**Problem requirements**.
Make an exact copy of the records, with the images left out.

* * * * * * *

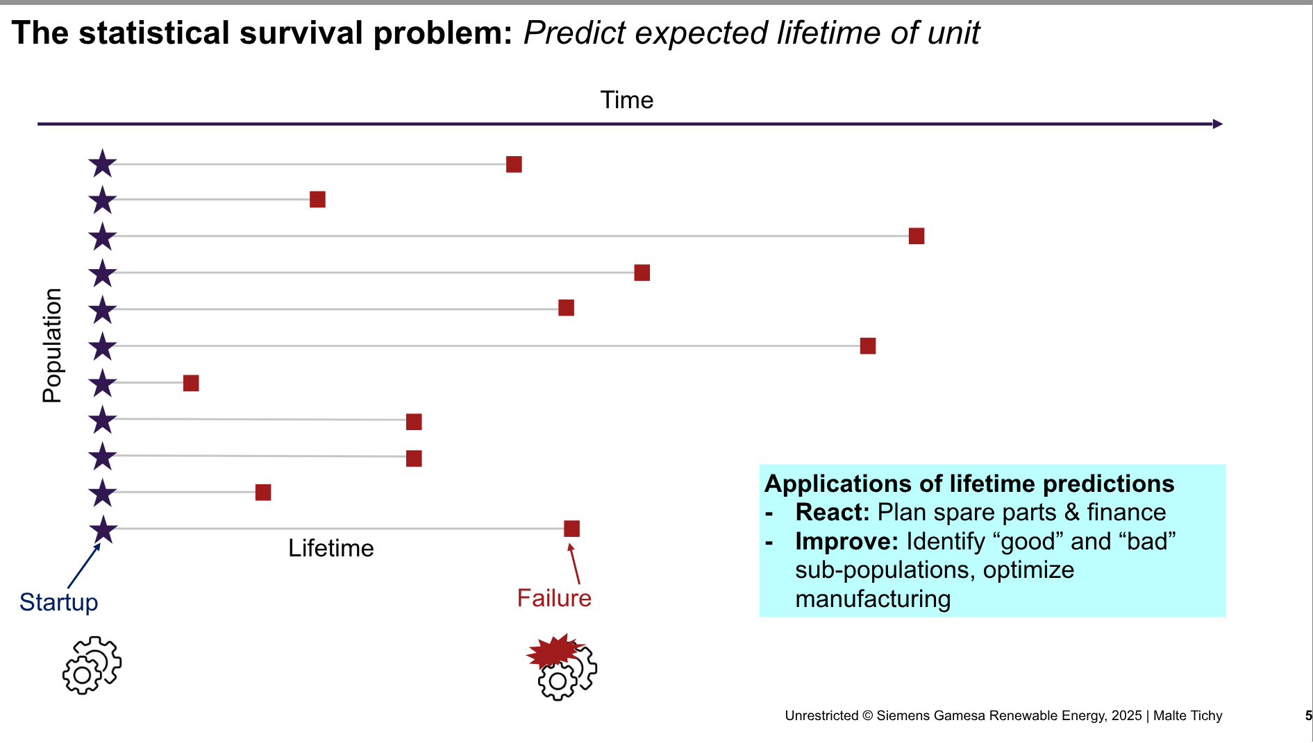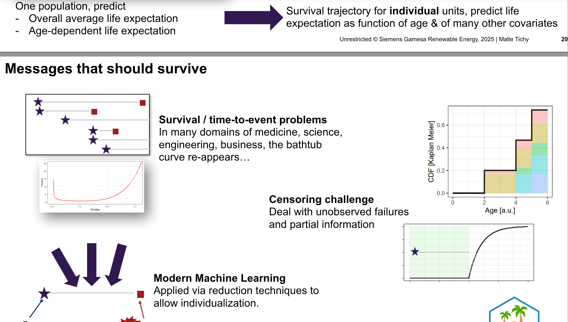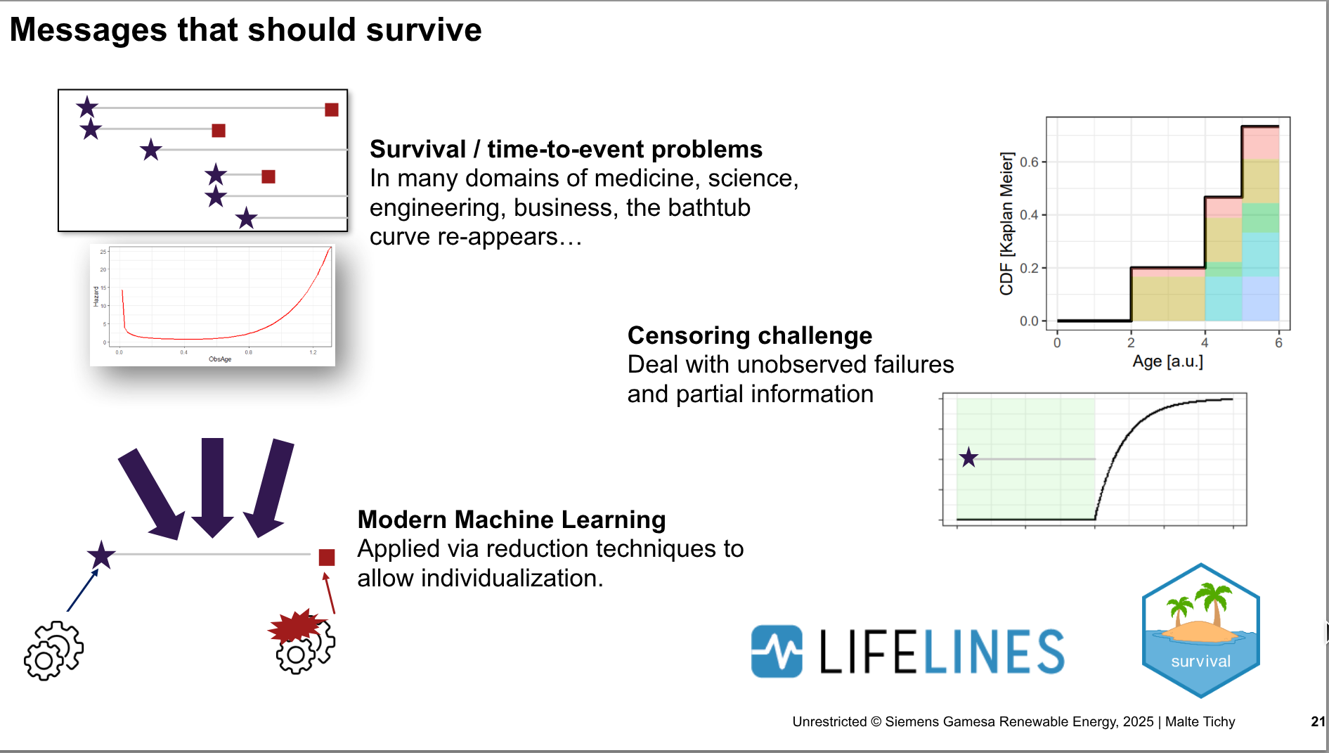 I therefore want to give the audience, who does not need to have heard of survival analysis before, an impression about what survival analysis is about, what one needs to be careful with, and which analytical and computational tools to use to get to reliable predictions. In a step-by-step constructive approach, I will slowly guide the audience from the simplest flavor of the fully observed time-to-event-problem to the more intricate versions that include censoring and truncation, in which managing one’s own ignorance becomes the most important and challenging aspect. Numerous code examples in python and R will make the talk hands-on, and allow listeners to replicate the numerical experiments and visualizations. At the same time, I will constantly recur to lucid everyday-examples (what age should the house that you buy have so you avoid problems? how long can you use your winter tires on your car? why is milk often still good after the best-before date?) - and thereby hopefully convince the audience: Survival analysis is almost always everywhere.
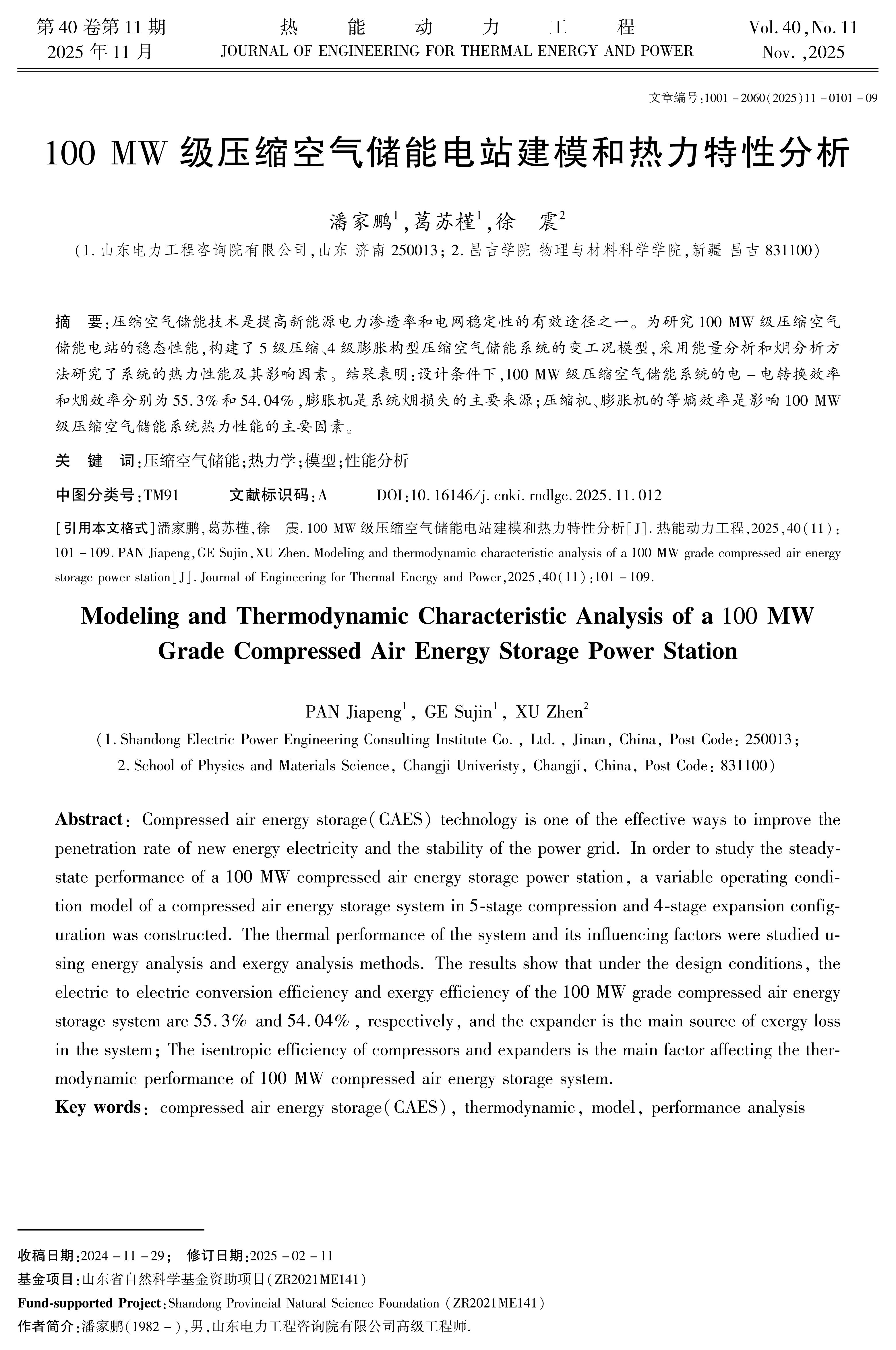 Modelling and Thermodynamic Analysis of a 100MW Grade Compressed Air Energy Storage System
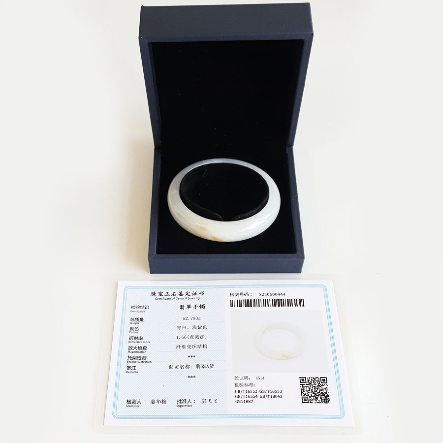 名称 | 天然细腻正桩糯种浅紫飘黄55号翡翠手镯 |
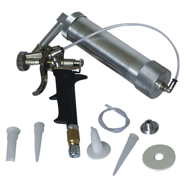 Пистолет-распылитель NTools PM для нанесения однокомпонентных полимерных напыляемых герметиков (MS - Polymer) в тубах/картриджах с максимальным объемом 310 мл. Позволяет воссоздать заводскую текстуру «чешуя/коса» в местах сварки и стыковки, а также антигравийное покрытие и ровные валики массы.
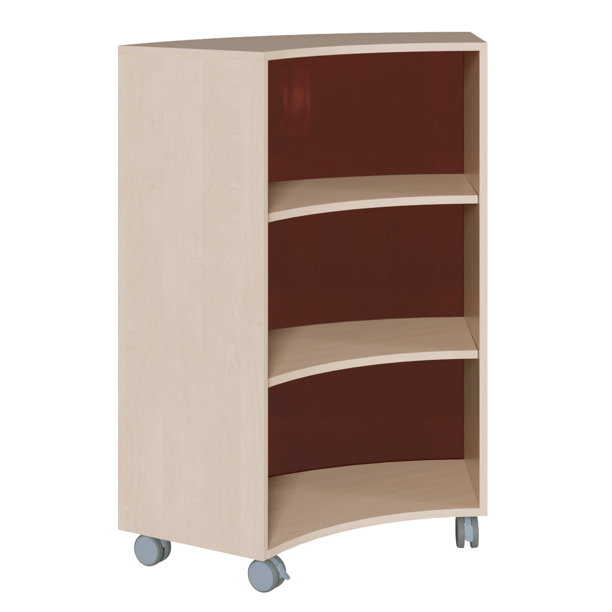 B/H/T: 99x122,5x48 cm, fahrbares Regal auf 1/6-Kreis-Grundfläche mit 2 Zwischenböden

* * * * * * *

**Response to the task**.
 I therefore want to give the audience, who does not need to have heard of survival analysis before, an impression about what survival analysis is about, what one needs to be careful with, and which analytical and computational tools to use to get to reliable predictions. In a step-by-step constructive approach, I will slowly guide the audience from the simplest flavor of the fully observed time-to-event-problem to the more intricate versions that include censoring and truncation, in which managing one’s own ignorance becomes the most important and challenging aspect. Numerous code examples in python and R will make the talk hands-on, and allow listeners to replicate the numerical experiments and visualizations. At the same time, I will constantly recur to lucid everyday-examples (what age should the house that you buy have so you avoid problems? how long can you use your winter tires on your car? why is milk often still good after the best-before date?) - and thereby hopefully convince the audience: Survival analysis is almost always everywhere.
 Modelling and Thermodynamic Analysis of a 100MW Grade Compressed Air Energy Storage System
 名称 | 天然细腻正桩糯种浅紫飘黄55号翡翠手镯 |
 Пистолет-распылитель NTools PM для нанесения однокомпонентных полимерных напыляемых герметиков (MS - Polymer) в тубах/картриджах с максимальным объемом 310 мл. Позволяет воссоздать заводскую текстуру «чешуя/коса» в местах сварки и стыковки, а также антигравийное покрытие и ровные валики массы.
 B/H/T: 99x122,5x48 cm, fahrbares Regal auf 1/6-Kreis-Grundfläche mit 2 Zwischenböden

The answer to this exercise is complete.